WHAT TO DO: Given the records underneath, please repeat exactly the lines from the line with "烤包子 Grilled Buns" through the line with "ym-A25 - Motif", passing over any picture.

RECORDS SUPPLIED:
——

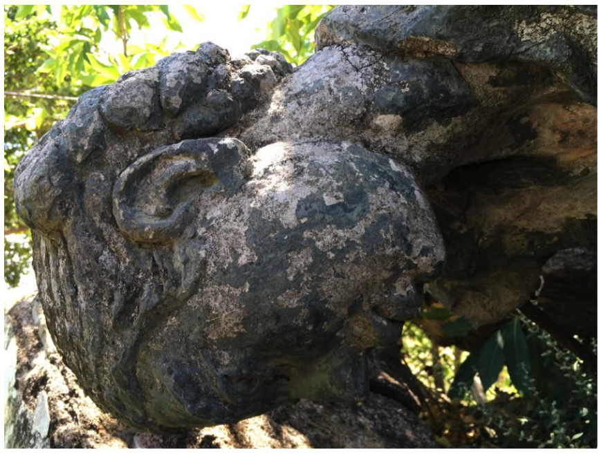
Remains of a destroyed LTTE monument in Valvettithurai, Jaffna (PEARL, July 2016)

——

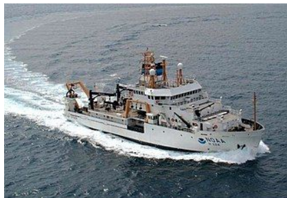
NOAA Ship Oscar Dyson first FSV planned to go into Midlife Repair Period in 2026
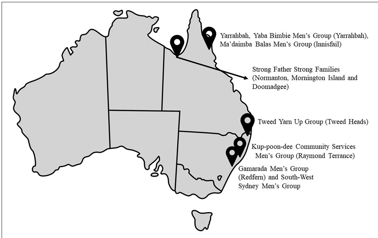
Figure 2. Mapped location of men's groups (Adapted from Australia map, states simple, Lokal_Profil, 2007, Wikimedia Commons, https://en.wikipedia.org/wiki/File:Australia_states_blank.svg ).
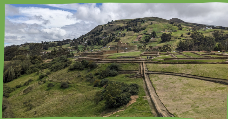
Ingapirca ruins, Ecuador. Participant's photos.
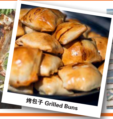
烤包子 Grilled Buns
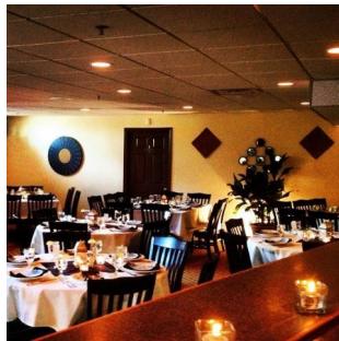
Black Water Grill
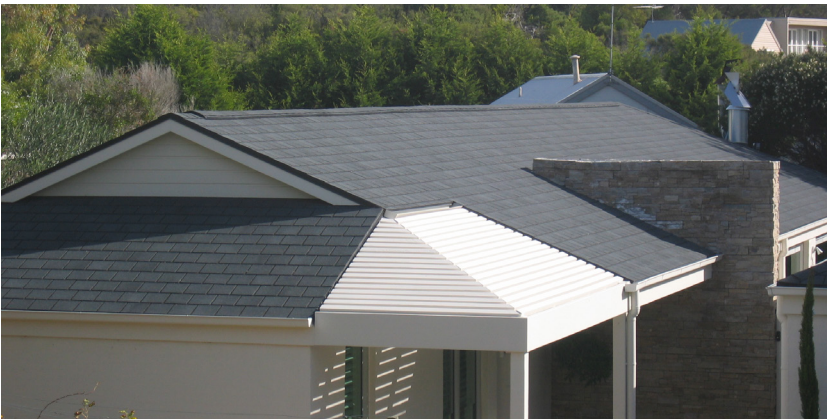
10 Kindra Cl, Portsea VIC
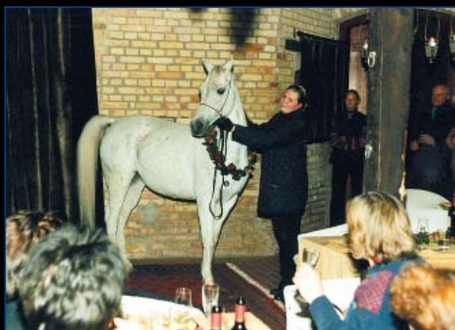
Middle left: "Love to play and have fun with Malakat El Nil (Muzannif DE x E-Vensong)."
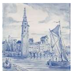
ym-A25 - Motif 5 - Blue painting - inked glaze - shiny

——

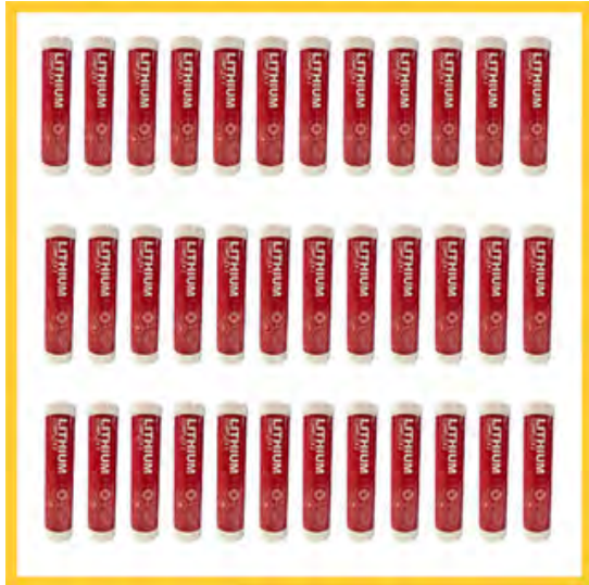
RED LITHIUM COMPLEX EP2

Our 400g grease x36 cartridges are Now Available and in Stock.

——

RESULT BELOW:
烤包子 Grilled Buns
Black Water Grill
10 Kindra Cl, Portsea VIC
Middle left: "Love to play and have fun with Malakat El Nil (Muzannif DE x E-Vensong)."
ym-A25 - Motif 5 - Blue painting - inked glaze - shiny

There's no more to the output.